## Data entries

━━━━━━

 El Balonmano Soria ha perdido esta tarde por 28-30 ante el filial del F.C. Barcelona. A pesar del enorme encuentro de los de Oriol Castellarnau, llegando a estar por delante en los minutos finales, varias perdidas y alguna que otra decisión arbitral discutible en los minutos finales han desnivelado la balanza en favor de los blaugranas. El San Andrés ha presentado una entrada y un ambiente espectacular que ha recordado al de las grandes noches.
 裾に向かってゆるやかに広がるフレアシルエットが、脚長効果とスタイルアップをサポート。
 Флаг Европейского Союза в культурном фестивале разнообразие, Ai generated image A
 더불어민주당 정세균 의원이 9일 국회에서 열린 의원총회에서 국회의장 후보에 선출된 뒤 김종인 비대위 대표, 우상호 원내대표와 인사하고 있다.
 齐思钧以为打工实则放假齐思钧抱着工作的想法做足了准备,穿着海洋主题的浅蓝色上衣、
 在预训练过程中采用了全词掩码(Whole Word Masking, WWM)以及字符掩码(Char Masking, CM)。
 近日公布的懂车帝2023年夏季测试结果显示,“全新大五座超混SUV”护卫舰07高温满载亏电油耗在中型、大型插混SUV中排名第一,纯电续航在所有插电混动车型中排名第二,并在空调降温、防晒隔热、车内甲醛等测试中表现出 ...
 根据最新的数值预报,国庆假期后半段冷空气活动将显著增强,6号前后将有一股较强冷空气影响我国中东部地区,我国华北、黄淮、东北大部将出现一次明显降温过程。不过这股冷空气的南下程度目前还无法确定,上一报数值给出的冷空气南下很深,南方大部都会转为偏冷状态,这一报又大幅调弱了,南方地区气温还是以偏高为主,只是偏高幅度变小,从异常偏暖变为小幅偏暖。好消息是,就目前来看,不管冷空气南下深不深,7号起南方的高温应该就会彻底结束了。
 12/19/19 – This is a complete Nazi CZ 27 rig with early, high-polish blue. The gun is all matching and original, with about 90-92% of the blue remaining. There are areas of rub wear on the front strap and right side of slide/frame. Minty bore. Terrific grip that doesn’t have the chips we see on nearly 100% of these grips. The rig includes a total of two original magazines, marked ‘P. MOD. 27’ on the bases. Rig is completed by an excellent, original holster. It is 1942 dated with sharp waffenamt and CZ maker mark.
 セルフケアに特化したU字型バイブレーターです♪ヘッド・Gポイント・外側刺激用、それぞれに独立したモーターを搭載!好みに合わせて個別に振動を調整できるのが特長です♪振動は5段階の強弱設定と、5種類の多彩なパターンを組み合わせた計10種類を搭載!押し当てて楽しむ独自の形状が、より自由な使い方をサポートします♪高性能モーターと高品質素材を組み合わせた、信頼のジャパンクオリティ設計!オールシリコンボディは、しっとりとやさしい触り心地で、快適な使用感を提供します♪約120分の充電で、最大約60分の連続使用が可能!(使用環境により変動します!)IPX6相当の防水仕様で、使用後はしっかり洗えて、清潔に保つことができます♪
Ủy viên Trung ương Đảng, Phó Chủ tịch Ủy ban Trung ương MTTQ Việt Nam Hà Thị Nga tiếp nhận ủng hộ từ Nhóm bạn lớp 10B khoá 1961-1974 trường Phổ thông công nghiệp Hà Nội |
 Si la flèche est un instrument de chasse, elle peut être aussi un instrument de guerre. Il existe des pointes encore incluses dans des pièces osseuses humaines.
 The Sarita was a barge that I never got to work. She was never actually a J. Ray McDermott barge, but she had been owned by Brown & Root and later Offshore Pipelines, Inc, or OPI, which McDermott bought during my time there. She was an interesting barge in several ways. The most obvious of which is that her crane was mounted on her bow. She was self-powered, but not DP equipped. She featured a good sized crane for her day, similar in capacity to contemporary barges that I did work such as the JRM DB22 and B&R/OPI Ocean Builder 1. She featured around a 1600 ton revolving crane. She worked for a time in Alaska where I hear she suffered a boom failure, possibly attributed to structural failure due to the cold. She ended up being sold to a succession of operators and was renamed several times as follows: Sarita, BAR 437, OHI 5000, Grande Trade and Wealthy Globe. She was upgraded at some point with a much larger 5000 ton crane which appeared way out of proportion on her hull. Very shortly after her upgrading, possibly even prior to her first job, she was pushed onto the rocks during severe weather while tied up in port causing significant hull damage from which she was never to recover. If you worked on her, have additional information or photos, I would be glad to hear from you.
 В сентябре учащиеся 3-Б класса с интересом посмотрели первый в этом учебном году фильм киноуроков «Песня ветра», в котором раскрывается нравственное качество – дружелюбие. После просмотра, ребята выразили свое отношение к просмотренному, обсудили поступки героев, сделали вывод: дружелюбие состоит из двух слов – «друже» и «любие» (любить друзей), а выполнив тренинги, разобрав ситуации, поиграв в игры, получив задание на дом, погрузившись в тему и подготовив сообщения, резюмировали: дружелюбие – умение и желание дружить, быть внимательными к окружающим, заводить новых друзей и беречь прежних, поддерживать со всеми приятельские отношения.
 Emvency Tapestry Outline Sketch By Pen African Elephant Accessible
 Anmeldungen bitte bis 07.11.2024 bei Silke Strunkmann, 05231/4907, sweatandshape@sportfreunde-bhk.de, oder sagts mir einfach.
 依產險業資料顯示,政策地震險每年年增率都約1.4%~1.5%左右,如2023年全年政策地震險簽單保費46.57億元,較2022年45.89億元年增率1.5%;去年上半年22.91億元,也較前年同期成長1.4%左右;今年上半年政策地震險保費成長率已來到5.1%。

━━━━━━

## Task details
Each line of the data needs to be repeated exactly.

## Task response
 El Balonmano Soria ha perdido esta tarde por 28-30 ante el filial del F.C. Barcelona. A pesar del enorme encuentro de los de Oriol Castellarnau, llegando a estar por delante en los minutos finales, varias perdidas y alguna que otra decisión arbitral discutible en los minutos finales han desnivelado la balanza en favor de los blaugranas. El San Andrés ha presentado una entrada y un ambiente espectacular que ha recordado al de las grandes noches.
 裾に向かってゆるやかに広がるフレアシルエットが、脚長効果とスタイルアップをサポート。
 Флаг Европейского Союза в культурном фестивале разнообразие, Ai generated image A
 더불어민주당 정세균 의원이 9일 국회에서 열린 의원총회에서 국회의장 후보에 선출된 뒤 김종인 비대위 대표, 우상호 원내대표와 인사하고 있다.
 齐思钧以为打工实则放假齐思钧抱着工作的想法做足了准备,穿着海洋主题的浅蓝色上衣、
 在预训练过程中采用了全词掩码(Whole Word Masking, WWM)以及字符掩码(Char Masking, CM)。
 近日公布的懂车帝2023年夏季测试结果显示,“全新大五座超混SUV”护卫舰07高温满载亏电油耗在中型、大型插混SUV中排名第一,纯电续航在所有插电混动车型中排名第二,并在空调降温、防晒隔热、车内甲醛等测试中表现出 ...
 根据最新的数值预报,国庆假期后半段冷空气活动将显著增强,6号前后将有一股较强冷空气影响我国中东部地区,我国华北、黄淮、东北大部将出现一次明显降温过程。不过这股冷空气的南下程度目前还无法确定,上一报数值给出的冷空气南下很深,南方大部都会转为偏冷状态,这一报又大幅调弱了,南方地区气温还是以偏高为主,只是偏高幅度变小,从异常偏暖变为小幅偏暖。好消息是,就目前来看,不管冷空气南下深不深,7号起南方的高温应该就会彻底结束了。
 12/19/19 – This is a complete Nazi CZ 27 rig with early, high-polish blue. The gun is all matching and original, with about 90-92% of the blue remaining. There are areas of rub wear on the front strap and right side of slide/frame. Minty bore. Terrific grip that doesn’t have the chips we see on nearly 100% of these grips. The rig includes a total of two original magazines, marked ‘P. MOD. 27’ on the bases. Rig is completed by an excellent, original holster. It is 1942 dated with sharp waffenamt and CZ maker mark.
 セルフケアに特化したU字型バイブレーターです♪ヘッド・Gポイント・外側刺激用、それぞれに独立したモーターを搭載!好みに合わせて個別に振動を調整できるのが特長です♪振動は5段階の強弱設定と、5種類の多彩なパターンを組み合わせた計10種類を搭載!押し当てて楽しむ独自の形状が、より自由な使い方をサポートします♪高性能モーターと高品質素材を組み合わせた、信頼のジャパンクオリティ設計!オールシリコンボディは、しっとりとやさしい触り心地で、快適な使用感を提供します♪約120分の充電で、最大約60分の連続使用が可能!(使用環境により変動します!)IPX6相当の防水仕様で、使用後はしっかり洗えて、清潔に保つことができます♪
Ủy viên Trung ương Đảng, Phó Chủ tịch Ủy ban Trung ương MTTQ Việt Nam Hà Thị Nga tiếp nhận ủng hộ từ Nhóm bạn lớp 10B khoá 1961-1974 trường Phổ thông công nghiệp Hà Nội |
 Si la flèche est un instrument de chasse, elle peut être aussi un instrument de guerre. Il existe des pointes encore incluses dans des pièces osseuses humaines.
 The Sarita was a barge that I never got to work. She was never actually a J. Ray McDermott barge, but she had been owned by Brown & Root and later Offshore Pipelines, Inc, or OPI, which McDermott bought during my time there. She was an interesting barge in several ways. The most obvious of which is that her crane was mounted on her bow. She was self-powered, but not DP equipped. She featured a good sized crane for her day, similar in capacity to contemporary barges that I did work such as the JRM DB22 and B&R/OPI Ocean Builder 1. She featured around a 1600 ton revolving crane. She worked for a time in Alaska where I hear she suffered a boom failure, possibly attributed to structural failure due to the cold. She ended up being sold to a succession of operators and was renamed several times as follows: Sarita, BAR 437, OHI 5000, Grande Trade and Wealthy Globe. She was upgraded at some point with a much larger 5000 ton crane which appeared way out of proportion on her hull. Very shortly after her upgrading, possibly even prior to her first job, she was pushed onto the rocks during severe weather while tied up in port causing significant hull damage from which she was never to recover. If you worked on her, have additional information or photos, I would be glad to hear from you.
 В сентябре учащиеся 3-Б класса с интересом посмотрели первый в этом учебном году фильм киноуроков «Песня ветра», в котором раскрывается нравственное качество – дружелюбие. После просмотра, ребята выразили свое отношение к просмотренному, обсудили поступки героев, сделали вывод: дружелюбие состоит из двух слов – «друже» и «любие» (любить друзей), а выполнив тренинги, разобрав ситуации, поиграв в игры, получив задание на дом, погрузившись в тему и подготовив сообщения, резюмировали: дружелюбие – умение и желание дружить, быть внимательными к окружающим, заводить новых друзей и беречь прежних, поддерживать со всеми приятельские отношения.
 Emvency Tapestry Outline Sketch By Pen African Elephant Accessible
 Anmeldungen bitte bis 07.11.2024 bei Silke Strunkmann, 05231/4907, sweatandshape@sportfreunde-bhk.de, oder sagts mir einfach.
 依產險業資料顯示,政策地震險每年年增率都約1.4%~1.5%左右,如2023年全年政策地震險簽單保費46.57億元,較2022年45.89億元年增率1.5%;去年上半年22.91億元,也較前年同期成長1.4%左右;今年上半年政策地震險保費成長率已來到5.1%。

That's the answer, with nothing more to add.